At no time was that more apparent than during the last half of the 20th century as war ravaged both countries. Priests, faculty, staff and students in both countries advocated for the rights of the oppressed and for a peaceful resolution to the conflicts. In El Salvador, the Jesuit leaders and academics of the UCA used their training in psychology, philosophy and theology to challenge systematic injustices and indiscriminate assassinations suffered by the marginalized. Their intellect, moral reasoning and belief in the right to dissent resulted in their targeting by the Salvadoran military and, eventually, their murders on the grounds of the UCA in 1989.

The martyrs of the UCA in El Salvador are an eternal reminder of the central role universities can play to advance the common good in the face of repressive governments. Not since those murders over 30 years ago have universities in the region faced such an existential threat.

Contagion

The return of dictators in Central America did not happen overnight. Decades of promising reforms and institution-building followed the years of war. However, the pendulum has started to swing back to where governments in the region were nearly a century ago—with strongman dictators who rule the poor majority through oppression and political violence.

As with the rise of global populism that has swept from country to country around the world, dictators watch and learn from one another. In 2020, for example, the Ortega regime instituted a “foreign agents law” that restricted the ability of civil society—including our partner universities and think tanks—to receive and utilize funding from abroad. A year later, the Nayib Bukele regime in El Salvador had a copy of Nicaragua’s law on the general assembly floor for debate, and a vote is now pending.

Academics and journalists in Mexico are facing a two-front battle against the government and organized crime given their role in seeking to provide transparency. Meanwhile, in both El Salvador and Guatemala, the rule of law and due process have been destroyed by unlawful executive actions similar to those in Nicaragua and Venezuela over the years to remove prosecutors and judges who are viewed as unfriendly or who have opened inquiries into corruption in the executive branch.

Hope for the Future

Honduras is the somewhat unlikely sign of hope in the region after the extensive allegations of election fraud in the 2017 election, which ushered in the second term of the incumbent Juan Orlando Hernández. But the new Xiomara Castro administration, installed in January, has made anticorruption and a respect for human rights its core mission and made good on a promise to begin to re-establish an international anticorruption commission in the country. The arrest of Hernández, the past president, to face extradition to the U.S. on drug-trafficking charges, is also a positive step toward making good on campaign promises. However, there is still a long way to go to ensure transparency and the rule of law for all.

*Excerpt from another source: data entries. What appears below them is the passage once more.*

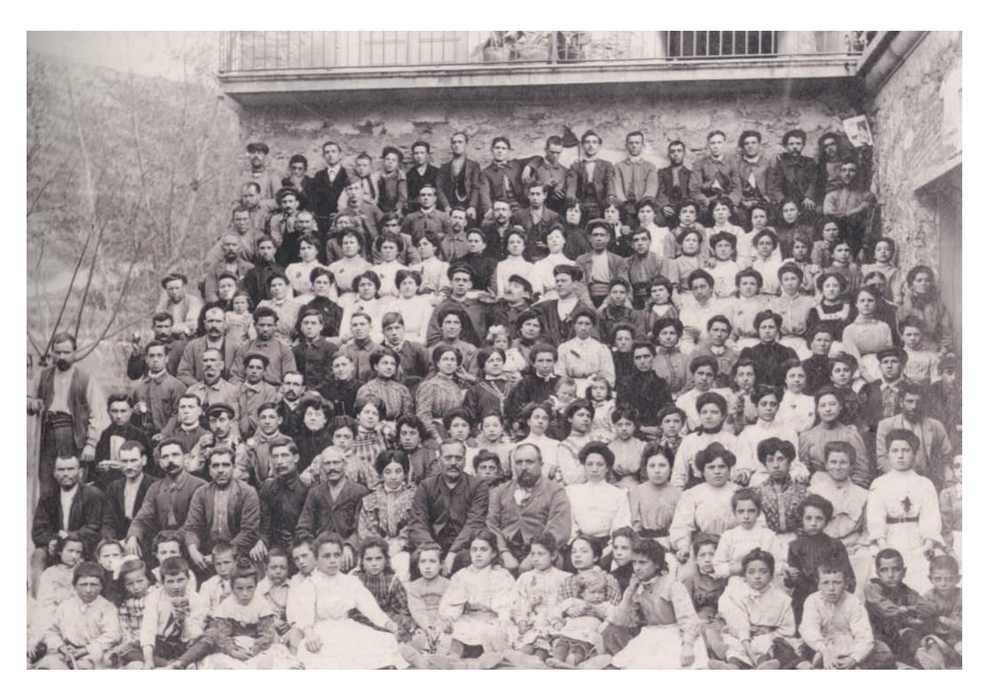
Figure 5. Factory staff at Rifà in Ripoll, in 1910.

The second wave in the early 20th century mainly involved families coming from agricultural counties in crisis, such as the countryside in Tarragona, Lleida and La Franja de Ponent (the westernmost part of Catalonia touching Aragon), and even the border region between Aragon and Valencia, along with Murcia and Valencia in the 1920s and 1930s. Each colony created its own recruitment network which provided jobs for relatives, neighbours and friends from specific places around Spain, especially southern Spain but also León, Galicia and Andalusia. This dynamic continued steadily until the onset of the crisis in 1973.
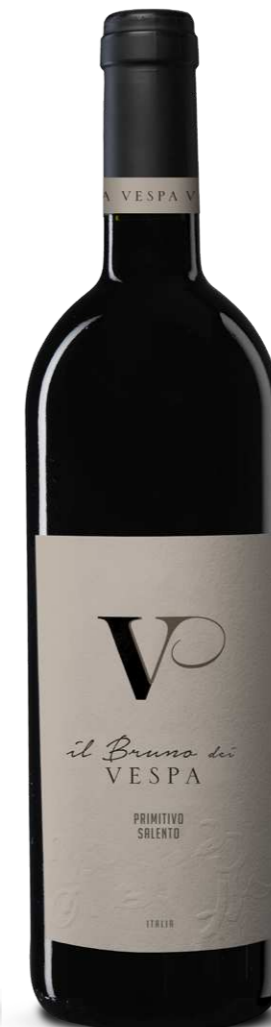
Il Bruno dei Vespa Primitivo Salento IGT
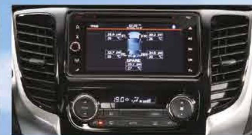
• Multimedia entertainment system with Tire Pressure Monitoring System (TPMS) (GLS Customer Option) • Automatic climate control system (GLS)

How far will antidemocratic actions go in each country? The answer to that question depends in large part on the response of the international community, including university and church leadership. While regional and global governments should continue to pressure for respect for democratic norms, they must be joined by university and church leaders to stop the contagion and re-establish freedom of expression—including academic freedom and freedom from undue interference in universities—as a universal right. Universities and the Catholic Church, while far from perfect, are respected and guided by Christian principles ostensibly shared by leaders in the region. We must not be silent.

In our research, we have found that having hope in the future is the single most powerful predictor of people wanting to stay versus migrate from Central America. Universities everywhere, especially those whose mission, rooted in Catholic social teaching, is to promote social change in favor of the most vulnerable, are indispensable in the establishment that hope for a better future. They must not be silenced.